All of the data that follows should be given again exactly, without its images.

*** Opening Provided material ***

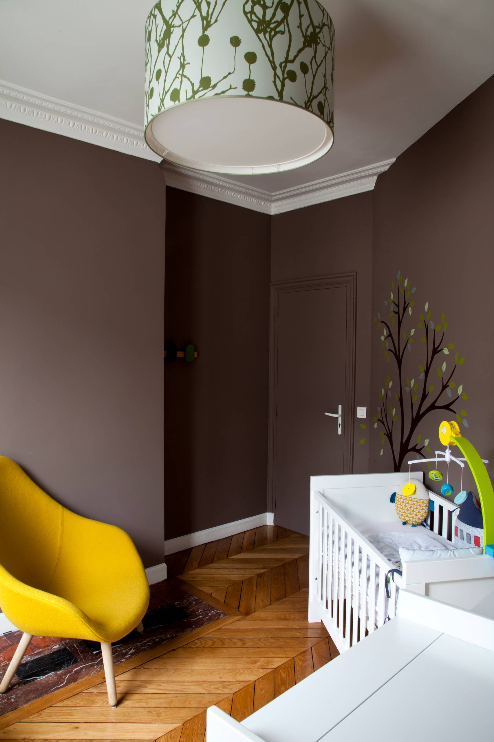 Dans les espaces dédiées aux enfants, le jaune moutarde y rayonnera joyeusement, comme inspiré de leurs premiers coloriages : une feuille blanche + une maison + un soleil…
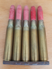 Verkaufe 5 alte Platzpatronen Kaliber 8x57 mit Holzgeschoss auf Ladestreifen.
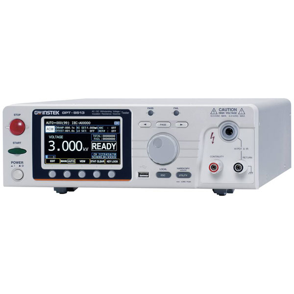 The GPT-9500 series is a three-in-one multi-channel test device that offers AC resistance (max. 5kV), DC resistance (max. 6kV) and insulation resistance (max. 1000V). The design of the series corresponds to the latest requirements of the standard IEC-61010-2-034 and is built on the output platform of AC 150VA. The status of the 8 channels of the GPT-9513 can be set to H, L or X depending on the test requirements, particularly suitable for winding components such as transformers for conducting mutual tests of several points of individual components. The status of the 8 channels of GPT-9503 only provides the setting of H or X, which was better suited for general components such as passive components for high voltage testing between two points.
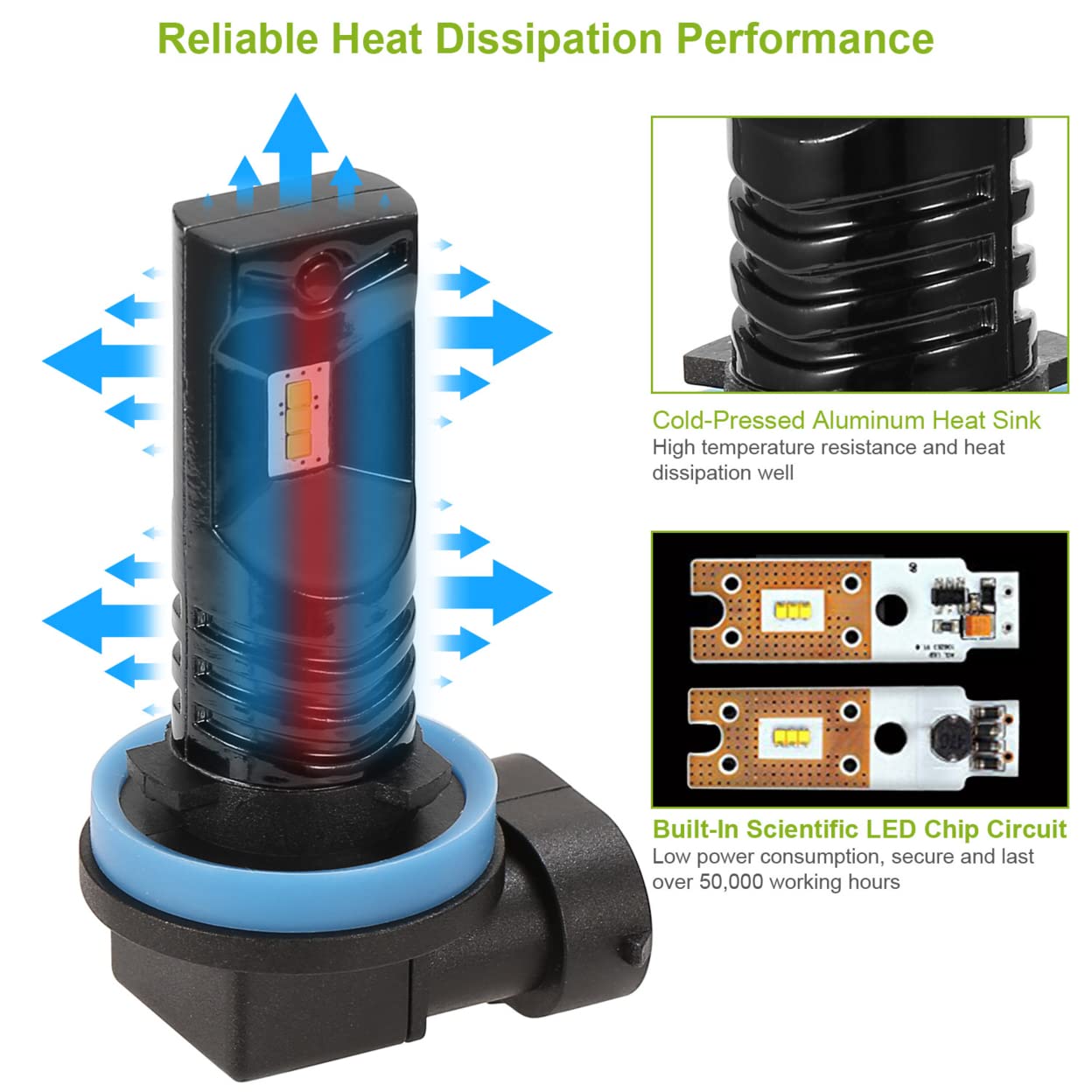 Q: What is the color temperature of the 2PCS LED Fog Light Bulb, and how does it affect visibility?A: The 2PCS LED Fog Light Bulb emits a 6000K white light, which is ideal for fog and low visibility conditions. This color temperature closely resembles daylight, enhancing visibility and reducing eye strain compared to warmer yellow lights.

*** Closing Provided material ***

== Result for this task ==
 Dans les espaces dédiées aux enfants, le jaune moutarde y rayonnera joyeusement, comme inspiré de leurs premiers coloriages : une feuille blanche + une maison + un soleil…
 Verkaufe 5 alte Platzpatronen Kaliber 8x57 mit Holzgeschoss auf Ladestreifen.
 The GPT-9500 series is a three-in-one multi-channel test device that offers AC resistance (max. 5kV), DC resistance (max. 6kV) and insulation resistance (max. 1000V). The design of the series corresponds to the latest requirements of the standard IEC-61010-2-034 and is built on the output platform of AC 150VA. The status of the 8 channels of the GPT-9513 can be set to H, L or X depending on the test requirements, particularly suitable for winding components such as transformers for conducting mutual tests of several points of individual components. The status of the 8 channels of GPT-9503 only provides the setting of H or X, which was better suited for general components such as passive components for high voltage testing between two points.
 Q: What is the color temperature of the 2PCS LED Fog Light Bulb, and how does it affect visibility?A: The 2PCS LED Fog Light Bulb emits a 6000K white light, which is ideal for fog and low visibility conditions. This color temperature closely resembles daylight, enhancing visibility and reducing eye strain compared to warmer yellow lights.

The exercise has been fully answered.